Books: Bumper crop of new game studies books from Routledge

Routledge recently published a bumper crop of new game studies books. Details below.


  • ‘Online Games, Social Narratives’, by Esther MacCallum-Stewart | ISBN: 978-0-415-89190-5

MacCallum-Stewart studies the different ways in which online games create social environments and how players choose to interpret these. These games vary from the immensely popular social networking games on Facebook such as Farmville to Massively Multiplayer Online Roleplaying Games to “Free to Play” online gaming and console communities such as players of Xbox Live and PS3 games.



  • ‘Video Games and Social Competence’, by Rachel Kowert | ISBN: 978-1-13-880426-5

Despite their popularity, online video games have been met with suspicion by the popular media and academic community. In particular, there is a growing concern that online video game play may be associated with deficits in social functioning. Due to a lack of empirical consistency, the debate surrounding the potential impact of online video game play on a user’s sociability remains an active one. This book contributes to this debate by exploring the potential impact of online video game involvement on social competence outcomes, theoretically and empirically.

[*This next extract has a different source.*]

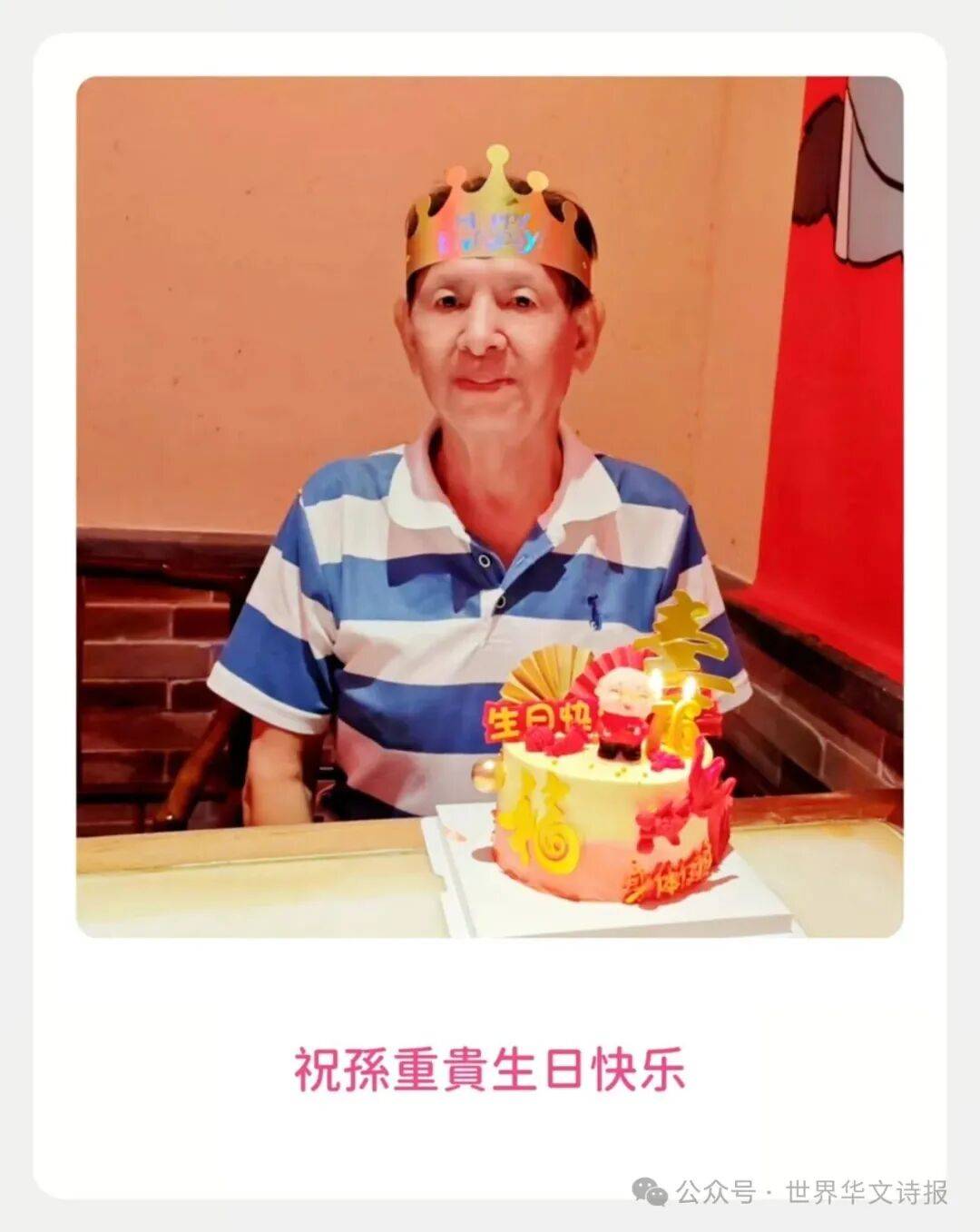 前言 : 2025年10月15日,是香港诗人孙重贵的生日。原本想与往年一样平平常常度过,然而一首诗的出现,却让这次生日变得零舍不同!

  • ‘Sexuality in Role-Playing Games’, by Ashley ML Brown | ISBN: 978-1-13-881255-0

This book offers an in-depth, ethnographic look into the phenomenon of erotic role-play through the experiences of players in multiplayer and tabletop role-playing games. Brown explores why participants engage in erotic role-play; discusses the rules involved in erotic role-play; and uncovers what playing with sexuality in ludic environments means for players, their partners, and their everyday lives.



  • ‘Gender, Age and Digital Games in the Domestic Context’, by Alison Harvey | ISBN: 978-1-13-879714-7

This book is the first study to provide a situated investigation of the site of family play— the shared spaces and private places of gameplay within the domestic sphere. It carries out an empirically grounded and critical analysis of what marketing and sales discourses about shifts in the digital games audience actually look like in the space of the home, as well as the social and cultural role these ludic technologies take in the everyday practices of the family in the domestic context.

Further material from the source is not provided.